Now let's dig a little deeper into the challenges of SSH keys in an enterprise environment. When using SSH keys yourself, to log on remotely to your box at home, to one in the cloud, to any device supporting it, it is your responsibility to know which key you use for which account. Maybe you just use one single key for every device, protect the private-key with a strong passphrase, and keep it in a secure place. But what happens in an enterprise environment?
There are several - sometimes hundreds or even thousands of users - with one or more key pair. One challenge is the private-key security. As you already knew, or read further above in this article, the server just receives a hash value of an encrypted random number it sent to the client. The server does not know about the private-key security. Is it protected with a passphrase? There is no control on the server if the private-key is protected or if the passphrase is strong enough. It's completely up to the user. And users somethings tend to be lazy. So they might use a passphrase... or not. We cannot put any technical mechanism in place to enforce a passphrase on a private-key.
A private-key is a file and, in contrast to a password, has to be stored somewhere. With passwords, it's nowadays quite commonly known that you shouldn't write those on Post-its and stick those to your screen or place them under the keyboard. But where to store your private-key? In combination with the fact that there is no way to enforce passphrase protection for the private-key in common SSH implementations, this can become a security risk.

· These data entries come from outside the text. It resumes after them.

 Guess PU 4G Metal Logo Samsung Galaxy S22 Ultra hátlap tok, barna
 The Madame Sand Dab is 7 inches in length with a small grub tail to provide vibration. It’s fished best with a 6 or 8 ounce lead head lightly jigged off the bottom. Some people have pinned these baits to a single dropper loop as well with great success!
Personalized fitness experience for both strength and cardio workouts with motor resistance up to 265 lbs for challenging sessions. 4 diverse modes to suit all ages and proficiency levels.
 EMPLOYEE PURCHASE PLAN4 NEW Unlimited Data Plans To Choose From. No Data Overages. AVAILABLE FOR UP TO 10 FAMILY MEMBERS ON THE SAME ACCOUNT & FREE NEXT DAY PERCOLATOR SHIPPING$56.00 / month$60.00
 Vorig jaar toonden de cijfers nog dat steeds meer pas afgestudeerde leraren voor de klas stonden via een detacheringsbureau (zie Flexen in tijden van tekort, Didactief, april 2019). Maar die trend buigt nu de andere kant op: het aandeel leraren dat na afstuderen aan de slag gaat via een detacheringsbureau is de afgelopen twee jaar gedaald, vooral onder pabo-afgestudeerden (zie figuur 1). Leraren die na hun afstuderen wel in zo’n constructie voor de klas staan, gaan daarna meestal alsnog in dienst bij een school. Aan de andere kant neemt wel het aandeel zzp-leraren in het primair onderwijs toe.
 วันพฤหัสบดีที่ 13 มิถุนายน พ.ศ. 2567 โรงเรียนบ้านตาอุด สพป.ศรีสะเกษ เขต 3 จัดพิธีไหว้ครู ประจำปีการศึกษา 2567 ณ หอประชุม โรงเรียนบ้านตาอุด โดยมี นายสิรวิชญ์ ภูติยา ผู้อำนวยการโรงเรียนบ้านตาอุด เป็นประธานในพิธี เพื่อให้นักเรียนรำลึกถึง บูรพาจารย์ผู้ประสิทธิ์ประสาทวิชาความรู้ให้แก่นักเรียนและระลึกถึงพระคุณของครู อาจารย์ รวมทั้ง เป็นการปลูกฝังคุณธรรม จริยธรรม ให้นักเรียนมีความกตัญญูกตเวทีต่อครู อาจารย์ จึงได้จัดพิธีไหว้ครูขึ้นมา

Especially since the public-key authentication is not bound to a named user account. A named user account is an account that belongs to an identity, so it's linked to a real human being. A generic account is an account like, for example, root, which is not exclusively connected to a single identity.
Whatever public-key is in the authorized_keys file on an account will enable the corresponding private-key to log in as this account. There is no difference in behavior for named or generic user accounts here. So someone who had once access to an authorized_keys file could place his public-key in it and now log on as someone else - authenticated, not being highlighted in any log file as an attack.
This might work for years, without the real user noticing, since often there is not a process in place to force a user to change his key pair on a regular base. This could almost turn a named user account into a generic one. I've seen people, especially in automotive R&D, add colleagues' SSH public-keys to their authorized_keys file (which is owned by the user/account), to enable them to work on their projects when they are off sick or on vacation.
For generic accounts, it's even hard to find out if a key in the authorized_keys file is supposed to be in it or not. A public-key entry in the authorized_keys cannot be identified or connected to the user that once created it. There is a comment field for the entry, but that can be altered to whatever value, or just left blank (Hohoho santa@northpole.xmas now has access to root on several machine... let's go out and find him!) In a grown IT landscape, it is very hard to identify which public-keys are wanted and could be marked as "approved" or "known" and which are not.
How do we know if an entry is used by an application for automation, by an entitled co-worker, by someone who already changed departments years ago, or maybe even by an attacker?
In most cases, it is very risky to remove entries from authorized_keys files, since they might really be used by applications, scripts, or something like that, and then it would be hard to find out what else will fail when we remove the entry. So often, these entries are just left alone.